Let's call this lens Sasquatch...it's off white, it's got a big foot, and while everybody's heard of it, very few have actually SEEN it.


----------



## RGF (May 13, 2013)

Yea, yea .. right around the corner. When was the last time I heard that - I think when some was trying to sell me a bridge


----------



## Click (May 13, 2013)

OK Let's start this again.


----------



## eml58 (May 13, 2013)

The Guys at Cathay Photo in Singapore are betting their right nut on the truth of this, and I have my Nut cutter ready in case it's another false alarm.

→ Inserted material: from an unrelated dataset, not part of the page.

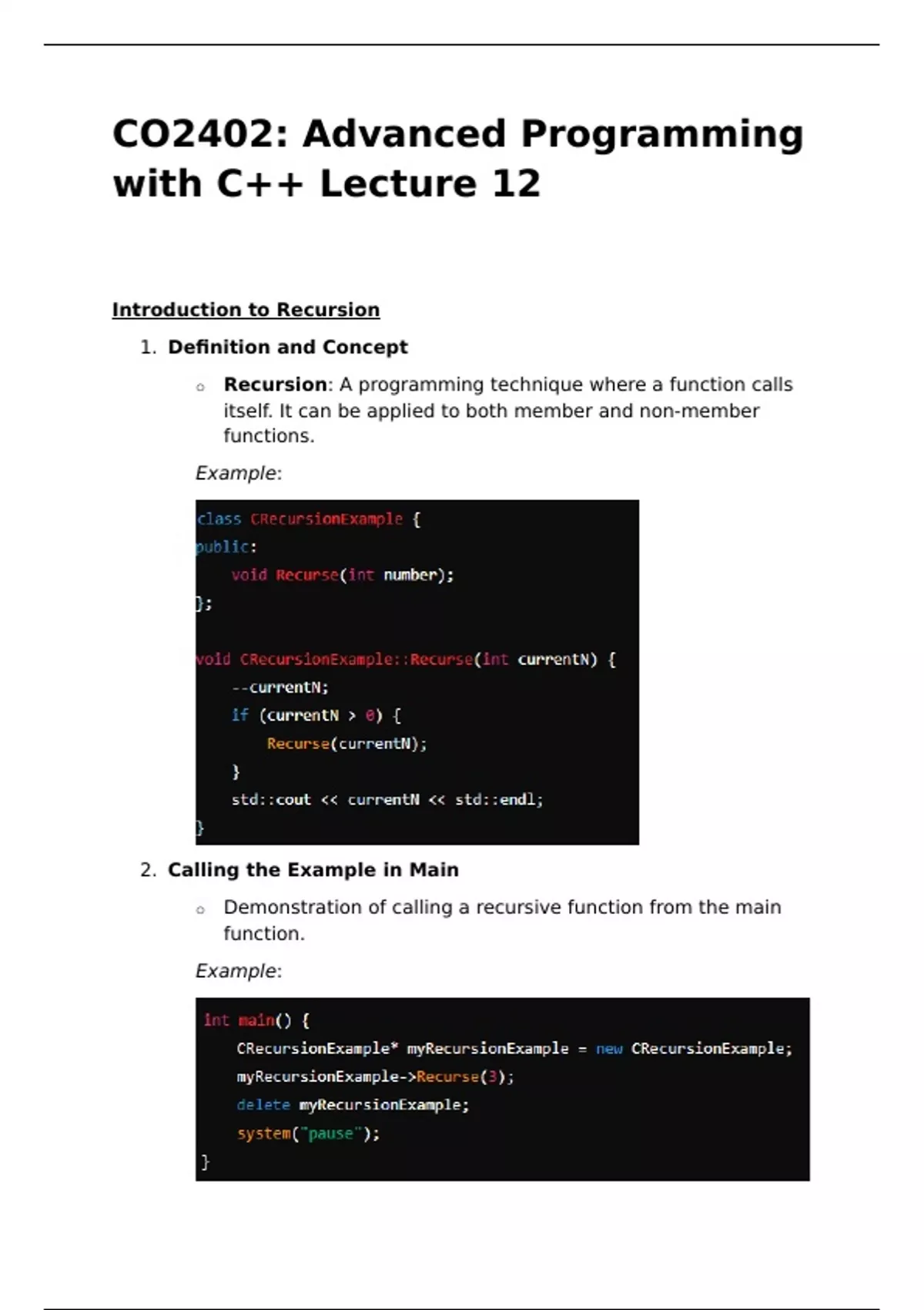 This document contains detailed notes from Lecture 12 of the CO2402 course on Advanced Programming with C++. The lecture explores the concept of recursion, a fundamental programming technique where a function calls itself. It provides a comprehensive overview of recursion, including its key characteristics, such as the necessity of a base case to prevent infinite loops.
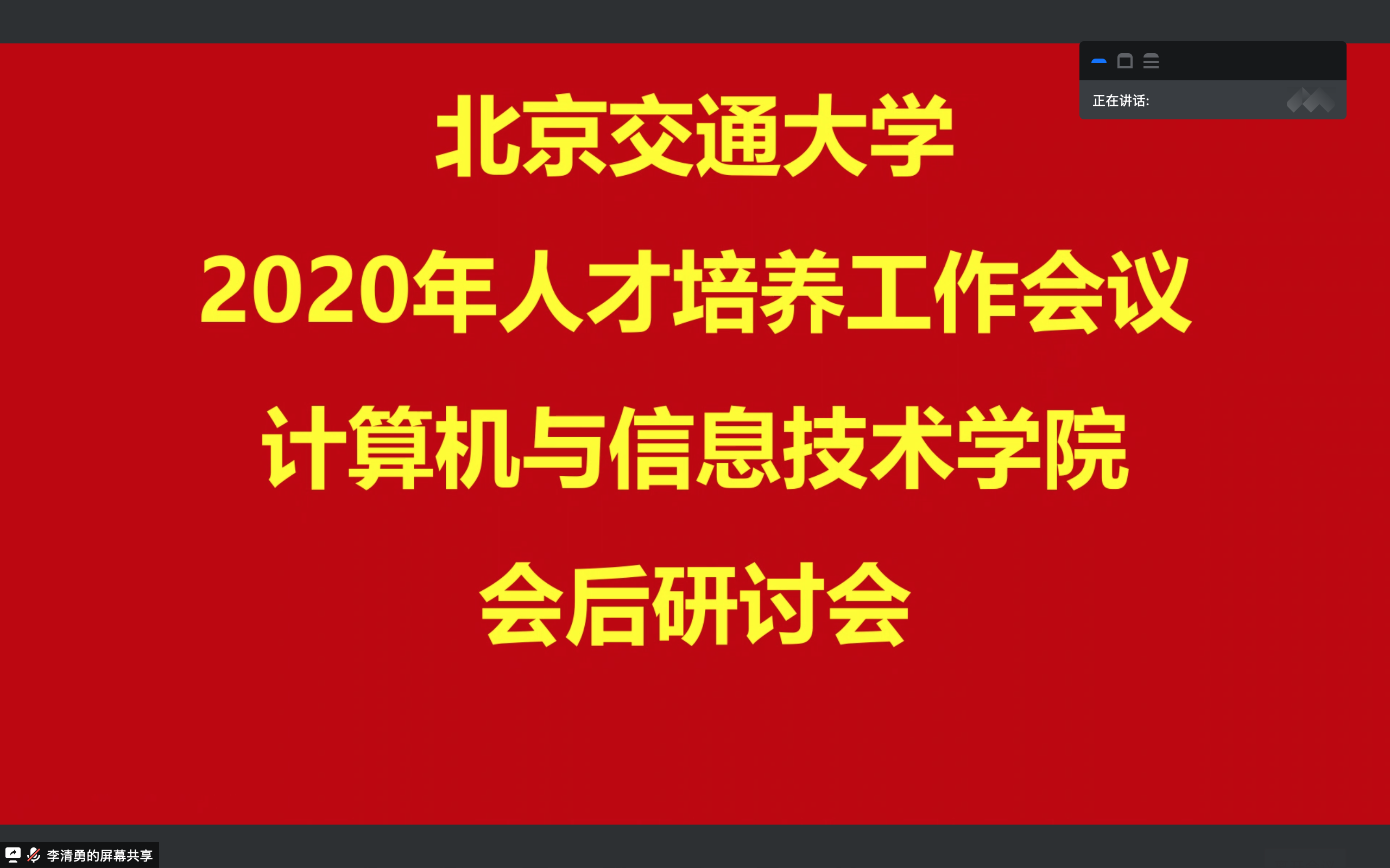 蔡伯根院长介绍了计算机学院2020年人才培养工作的整体概况和重点工作,李清勇副院长汇报了本科生人才培养现状、面临挑战、思考举措,林友芳副院长汇报了研究生人才培养方案修订的主要内容和问题及思考,李浥东副院长汇报了新形势下学院国际化与科研助力“四通”人才培养工作,董敬祝副书记和王浩业副书记分别汇报了学院在研究生和本科生人才培养过程的思政工作。

I do actually think that this time it's legit, but.......


----------



## 9VIII (May 13, 2013)

I just want to see the official specs on it. I don't care if they only release ten a month, it would be nice to fill in all the blanks about how it behaves.


----------



## EchoLocation (May 13, 2013)

announcement?
this thing was on a tour of photo shows around the world. I got an email hyping it being on display at either the HK or Shanghai camera show at least six months ago. I know they also had it on display at other camera shows in different countries as well.
At this point, the announcement means little besides just confirming weight, some random specs and price.
I'm sure someday it will be in the hands of actual consumers, but at this point it's basically a joke/Yeti.


----------



## Menace (May 13, 2013)

Kufat said:


> Let's call this lens Sasquatch...it's off white, it's got a big foot, and while everybody's heard of it, very few have actually SEEN it.



So true


----------



## GMCPhotographics (May 13, 2013)

Canon have certainly created a lot of anticipation / Hype around this lens. I'm sure it's going to be in demand for a long time after it's final launch due to this. I'm just happy that it's a lens I'm not going to need. I can sit back and watch everyone else scrabbling to get a copy.


----------



## Hobby Shooter (May 13, 2013)

eml58 said:


> The Guys at Cathay Photo in Singapore are betting their right nut on the truth of this, and I have my Nut cutter ready in case it's another false alarm.
> 
> I do actually think that this time it's legit, but.......


Damn, I've lost my nut cutter ;D


----------



## Snaxalig (May 13, 2013)

I want it badly, but don't believe it until I actually see it  *cross my fingers*


----------



## Bengt Nyman (May 13, 2013)

The built in extender is good idea.
I would like to see it applied to top quality non-zoom primes, like for example a 100mm X2, a 200mm X2 and a 300mm X2. The optical priority should of course be on the prime with the extender producing better results than a 2X crop.


----------



## RGF (May 13, 2013)

Snaxalig said:


> I want it badly, but don't believe it until I actually see it  *cross my fingers*



finger, toes, legs, arms, 4 leaf clovers, ... Maybe it will come with a pony. Better yet, now that the Yen is over 100 to the USD, a price tag closer to $10,000 than $12,000


----------



## neuroanatomist (May 13, 2013)

RGF said:


> Snaxalig said:
> 
> 
> > I want it badly, but don't believe it until I actually see it  *cross my fingers*
> ...



So...not a pony, but a unicorn. Good luck with that...


----------



## RGF (May 13, 2013)

neuroanatomist said:


> RGF said:
> 
> 
> > Snaxalig said:
> ...



having worked in marketing in US companies for nearly 30 years (both high tech and CPG) pricing is a real art/mystery. Never had the experience working with currency but it would have been an interesting experience


----------



## GuyF (May 13, 2013)

I've been using this lately to take pics of the Loch Ness Monster and can say for sure it will be announced this month.

Ideal lens for airshows too 

Now off to do do some headshots of Elvis in his UFO. Nice.


----------



## Kernuak (May 13, 2013)

Kufat said:


> Let's call this lens Sasquatch...it's off white, it's got a big foot, and while everybody's heard of it, very few have actually SEEN it.


I've seen it twice, does that make me special or a loon . It would be nice to see it announced, even if I can only dream about being able to afford it.


----------



## KyleSTL (May 13, 2013)

Kufat said:


> Let's call this lens Sasquatch...it's off white, it's got a big foot, and while everybody's heard of it, very few have actually SEEN it.


I'm thinking more along the lines of a Yeti (aka. Abominable Snowman). That's a big, white beast (and has left us out in the cold).


----------



## EchoLocation (May 14, 2013)

incredible if this is true. 
what are we going to talk about now?


----------



## neuroanatomist (May 14, 2013)

EchoLocation said:


> incredible if this is true.
> what are we going to talk about now?



The 100-400. Again.


----------



## GMCPhotographics (May 16, 2013)

neuroanatomist said:


> EchoLocation said:
> 
> 
> > incredible if this is true.
> ...



Lol....how about the 12-24? 35 f1.4 II? 135 f2 II? Or even the 7DII?
Lots of fat to chew with that lot


----------